#### [Data for analysis]

-- Opening Marker --

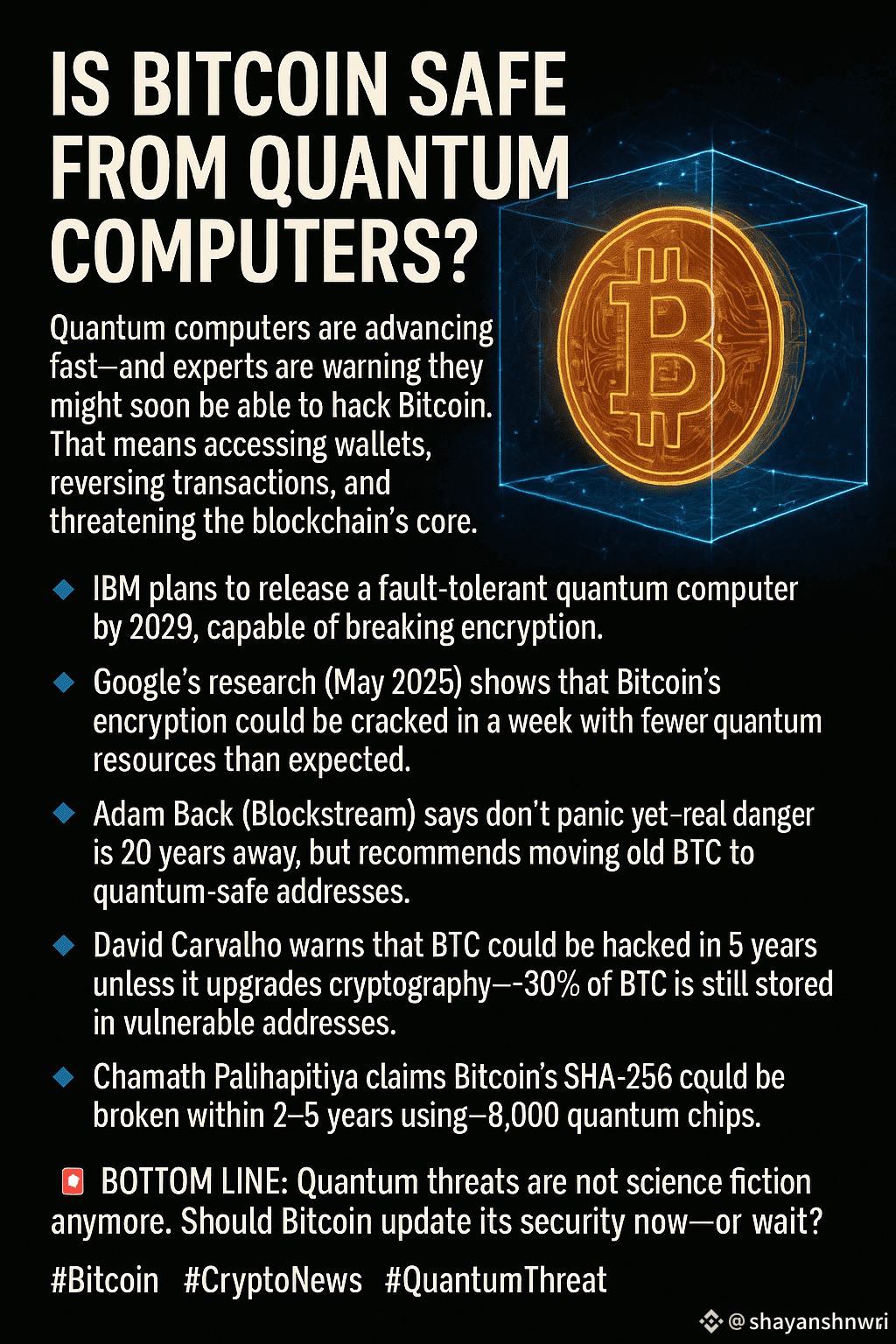 🚨 Bottom line: Quantum threats are not science fiction anymore. Should Bitcoin update its security now—or wait?
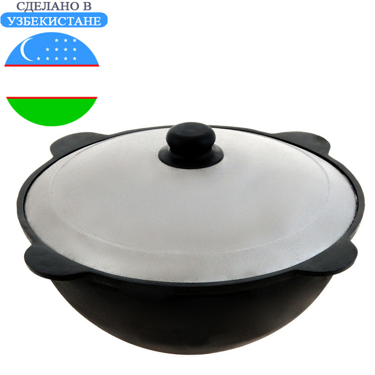Узбекский казан выполнен гладким литьем с толстыми стенками, плоским дном и имеет по бокам четыре ручки. В комплект входит крышка, которая во время приготовления способствует сохранению необходимой температуры внутри казана, благодаря чему сохраняются все полезные свойства продуктов. Узбекский казан можно использовать как на открытом огне, так и на плите, в духовке, в печи.
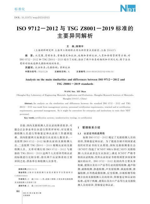 Abstract : Ananal y sisonthesimilaritiesanddifferencesbetweenthestandardISO 9712-2012and TSG
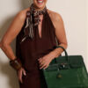 The short neck-tie dress in rust and forest green is a playful yet polished staple. Its breezy silhouette is elevated by a printed neck tie, exclusive to our Bali collection, adding a touch of island sophistication to every step.
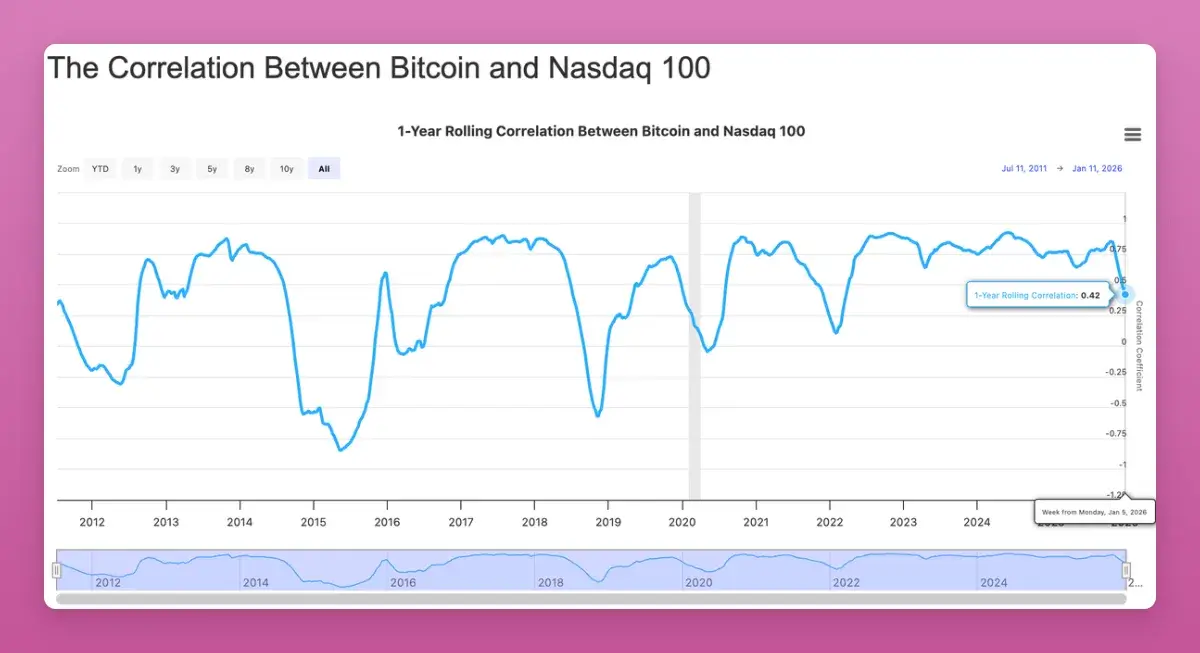 More importantly, Bitcoin’s correlation with traditional risk assets like Nasdaq has fallen to its lowest since 2022 (-0.42). While everyone hopes for correlation to rise, in the long run, as an uncorrelated asset sought by institutions, this is bullish.

-- Closing Marker --

#### [Problem statement]
Omit the pictures, then output the rest of the listing exactly.

#### [Answer to this task]
 🚨 Bottom line: Quantum threats are not science fiction anymore. Should Bitcoin update its security now—or wait?
Узбекский казан выполнен гладким литьем с толстыми стенками, плоским дном и имеет по бокам четыре ручки. В комплект входит крышка, которая во время приготовления способствует сохранению необходимой температуры внутри казана, благодаря чему сохраняются все полезные свойства продуктов. Узбекский казан можно использовать как на открытом огне, так и на плите, в духовке, в печи.
 Abstract : Ananal y sisonthesimilaritiesanddifferencesbetweenthestandardISO 9712-2012and TSG
 The short neck-tie dress in rust and forest green is a playful yet polished staple. Its breezy silhouette is elevated by a printed neck tie, exclusive to our Bali collection, adding a touch of island sophistication to every step.
 More importantly, Bitcoin’s correlation with traditional risk assets like Nasdaq has fallen to its lowest since 2022 (-0.42). While everyone hopes for correlation to rise, in the long run, as an uncorrelated asset sought by institutions, this is bullish.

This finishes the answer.